Here is what an arbitrary cell in a table looks like: 

In [92]:
table['cells'][10]

{'rowIndex': 3,
 'columnIndex': 1,
 'text': 'Nairobi Centre for International Arbitration',
 'boundingBox': [2.0356,
  1.2322,
  5.2356,
  1.2322,
  5.2356,
  1.3589,
  2.0356,
  1.3589],
 'elements': ['#/readResults/0/lines/14/words/0',
  '#/readResults/0/lines/14/words/1',
  '#/readResults/0/lines/14/words/2',
  '#/readResults/0/lines/14/words/3',
  '#/readResults/0/lines/14/words/4']}

If we wanted to find the elements in the table as they are represented by the `readResults` portion, we could follow the path outlined in `elements` to get the text: 

In [96]:
data['analyzeResult']['readResults'][0]['lines'][14]['words'][0]
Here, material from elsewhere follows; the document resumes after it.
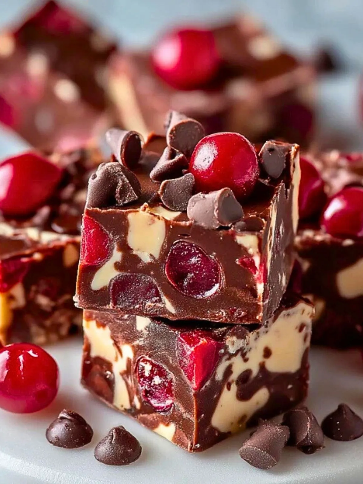 Ce fudge aux cerises irrésistible marie la richesse d’un chocolat onctueux à l’éclat acidulé et fruité des cerises. Chaque petit carré est dense, fondant et parsemé de morceaux rouges brillants qui apportent une touche festive à chaque bouchée.

{'boundingBox': [2.0719, 1.2588, 2.407, 1.2588, 2.407, 1.335, 2.0719, 1.335],
 'text': 'Nairobi',
 'confidence': 1}

In [97]:
data['analyzeResult']['readResults'][0]['lines'][14]['words'][1]

{'boundingBox': [2.4409,
  1.2595,
  2.7314,
  1.2595,
  2.7314,
  1.3353,
  2.4409,
  1.3353],
 'text': 'Centre',
 'confidence': 1}

We did not develop an approach for knitting tables together and including them in the text of a page, unfortunately. However, we believe that this would be relatively simple to do, given the information provided in the `pageResults` dictionary and the ease with which one can cross-reference its elements with the `readResults` output.